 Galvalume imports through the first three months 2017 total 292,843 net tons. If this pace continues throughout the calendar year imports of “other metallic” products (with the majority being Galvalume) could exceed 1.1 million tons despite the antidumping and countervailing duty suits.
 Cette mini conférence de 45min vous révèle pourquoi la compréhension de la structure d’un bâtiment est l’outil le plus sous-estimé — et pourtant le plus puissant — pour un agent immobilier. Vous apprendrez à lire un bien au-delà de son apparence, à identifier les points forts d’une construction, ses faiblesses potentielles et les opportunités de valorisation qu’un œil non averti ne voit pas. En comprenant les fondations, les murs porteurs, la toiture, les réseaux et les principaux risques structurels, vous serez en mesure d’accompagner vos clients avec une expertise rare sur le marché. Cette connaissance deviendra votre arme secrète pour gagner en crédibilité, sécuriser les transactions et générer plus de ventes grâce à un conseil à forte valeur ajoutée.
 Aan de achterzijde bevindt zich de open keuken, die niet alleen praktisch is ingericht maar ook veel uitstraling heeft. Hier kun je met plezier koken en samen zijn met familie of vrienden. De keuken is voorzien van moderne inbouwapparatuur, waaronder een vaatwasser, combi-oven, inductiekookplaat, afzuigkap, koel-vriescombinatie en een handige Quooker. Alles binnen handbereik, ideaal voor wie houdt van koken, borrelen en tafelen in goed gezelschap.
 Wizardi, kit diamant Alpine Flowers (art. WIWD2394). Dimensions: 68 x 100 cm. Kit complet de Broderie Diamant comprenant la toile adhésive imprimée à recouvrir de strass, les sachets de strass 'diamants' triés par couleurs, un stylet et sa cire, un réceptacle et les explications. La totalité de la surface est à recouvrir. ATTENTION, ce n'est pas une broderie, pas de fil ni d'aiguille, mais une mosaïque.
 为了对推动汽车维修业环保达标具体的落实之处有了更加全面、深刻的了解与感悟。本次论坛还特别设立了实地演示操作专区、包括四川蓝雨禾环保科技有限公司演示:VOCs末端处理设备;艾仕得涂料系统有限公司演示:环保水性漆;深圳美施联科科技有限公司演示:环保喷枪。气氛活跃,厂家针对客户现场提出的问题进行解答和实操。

○ ○ ○ ○ ○ ○ ○

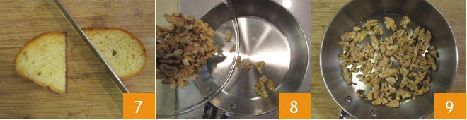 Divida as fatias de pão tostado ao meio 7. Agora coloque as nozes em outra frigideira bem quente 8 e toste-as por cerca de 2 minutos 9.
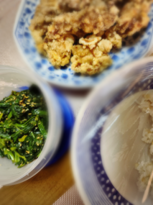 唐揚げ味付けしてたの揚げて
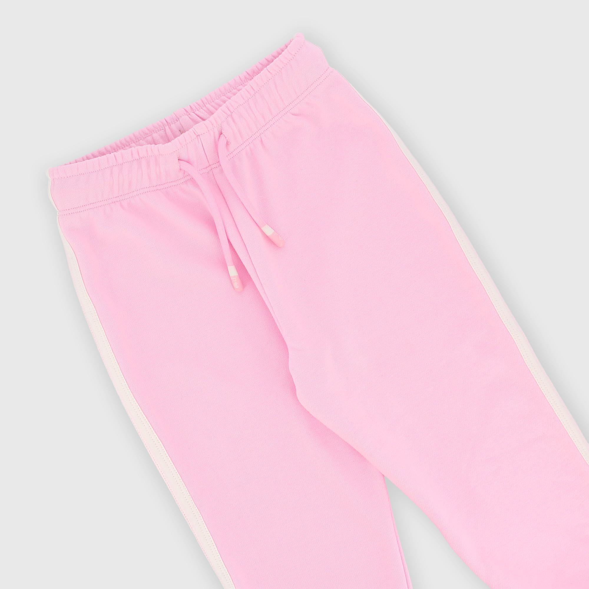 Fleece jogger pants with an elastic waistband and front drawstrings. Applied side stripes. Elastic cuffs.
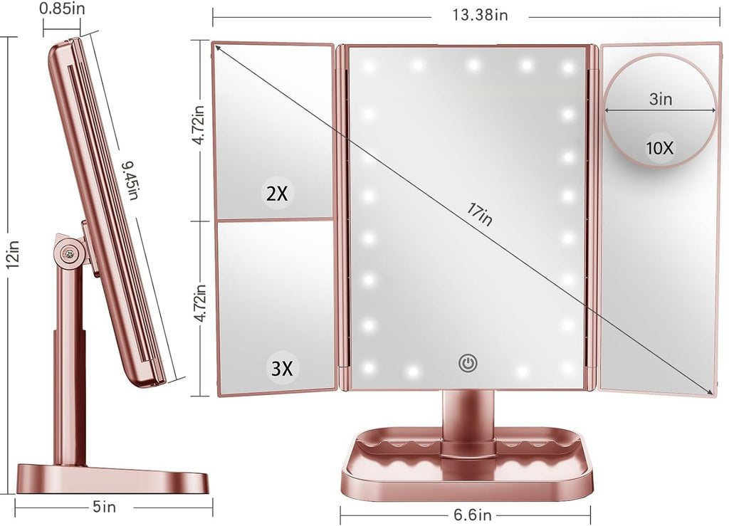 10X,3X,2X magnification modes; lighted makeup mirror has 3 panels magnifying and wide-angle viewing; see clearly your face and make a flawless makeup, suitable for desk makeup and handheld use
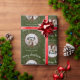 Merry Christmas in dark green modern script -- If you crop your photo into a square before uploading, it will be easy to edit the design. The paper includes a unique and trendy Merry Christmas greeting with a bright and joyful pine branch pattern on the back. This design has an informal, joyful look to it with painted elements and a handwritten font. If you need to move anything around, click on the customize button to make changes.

○ ○ ○ ○ ○ ○ ○

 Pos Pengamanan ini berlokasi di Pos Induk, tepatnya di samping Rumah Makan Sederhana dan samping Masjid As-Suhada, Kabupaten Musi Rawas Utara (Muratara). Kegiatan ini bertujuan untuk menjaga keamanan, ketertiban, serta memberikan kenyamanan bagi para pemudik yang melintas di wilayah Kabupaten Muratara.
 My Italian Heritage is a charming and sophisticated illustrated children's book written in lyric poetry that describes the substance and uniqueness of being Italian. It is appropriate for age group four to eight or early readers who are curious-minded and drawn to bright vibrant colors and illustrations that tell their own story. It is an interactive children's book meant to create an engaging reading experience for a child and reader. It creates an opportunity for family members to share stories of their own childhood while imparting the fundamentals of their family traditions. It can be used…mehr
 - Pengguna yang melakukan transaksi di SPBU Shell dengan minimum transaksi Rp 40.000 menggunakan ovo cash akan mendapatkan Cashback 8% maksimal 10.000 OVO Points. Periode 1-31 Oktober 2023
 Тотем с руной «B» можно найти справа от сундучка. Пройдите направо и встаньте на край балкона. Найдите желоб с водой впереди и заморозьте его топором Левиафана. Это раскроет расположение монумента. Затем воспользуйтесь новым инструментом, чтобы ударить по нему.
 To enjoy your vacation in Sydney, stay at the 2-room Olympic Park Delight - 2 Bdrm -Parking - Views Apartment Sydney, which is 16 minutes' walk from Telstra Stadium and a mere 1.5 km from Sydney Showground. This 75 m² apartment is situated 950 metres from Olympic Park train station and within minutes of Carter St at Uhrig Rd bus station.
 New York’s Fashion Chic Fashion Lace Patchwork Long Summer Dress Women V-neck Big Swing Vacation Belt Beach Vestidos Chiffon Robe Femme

○ ○ ○ ○ ○ ○ ○

▶ **WHAT THE TASK ASKS**: Retype only the lines above between the line with "Galvalume imports through" and the line with "为了对推动汽车维修业环保达标", counting those two lines as well, and keep every character as it is.

▶ **YOUR RESPONSE**:
 Galvalume imports through the first three months 2017 total 292,843 net tons. If this pace continues throughout the calendar year imports of “other metallic” products (with the majority being Galvalume) could exceed 1.1 million tons despite the antidumping and countervailing duty suits.
 Cette mini conférence de 45min vous révèle pourquoi la compréhension de la structure d’un bâtiment est l’outil le plus sous-estimé — et pourtant le plus puissant — pour un agent immobilier. Vous apprendrez à lire un bien au-delà de son apparence, à identifier les points forts d’une construction, ses faiblesses potentielles et les opportunités de valorisation qu’un œil non averti ne voit pas. En comprenant les fondations, les murs porteurs, la toiture, les réseaux et les principaux risques structurels, vous serez en mesure d’accompagner vos clients avec une expertise rare sur le marché. Cette connaissance deviendra votre arme secrète pour gagner en crédibilité, sécuriser les transactions et générer plus de ventes grâce à un conseil à forte valeur ajoutée.
 Aan de achterzijde bevindt zich de open keuken, die niet alleen praktisch is ingericht maar ook veel uitstraling heeft. Hier kun je met plezier koken en samen zijn met familie of vrienden. De keuken is voorzien van moderne inbouwapparatuur, waaronder een vaatwasser, combi-oven, inductiekookplaat, afzuigkap, koel-vriescombinatie en een handige Quooker. Alles binnen handbereik, ideaal voor wie houdt van koken, borrelen en tafelen in goed gezelschap.
 Wizardi, kit diamant Alpine Flowers (art. WIWD2394). Dimensions: 68 x 100 cm. Kit complet de Broderie Diamant comprenant la toile adhésive imprimée à recouvrir de strass, les sachets de strass 'diamants' triés par couleurs, un stylet et sa cire, un réceptacle et les explications. La totalité de la surface est à recouvrir. ATTENTION, ce n'est pas une broderie, pas de fil ni d'aiguille, mais une mosaïque.
 为了对推动汽车维修业环保达标具体的落实之处有了更加全面、深刻的了解与感悟。本次论坛还特别设立了实地演示操作专区、包括四川蓝雨禾环保科技有限公司演示:VOCs末端处理设备;艾仕得涂料系统有限公司演示:环保水性漆;深圳美施联科科技有限公司演示:环保喷枪。气氛活跃,厂家针对客户现场提出的问题进行解答和实操。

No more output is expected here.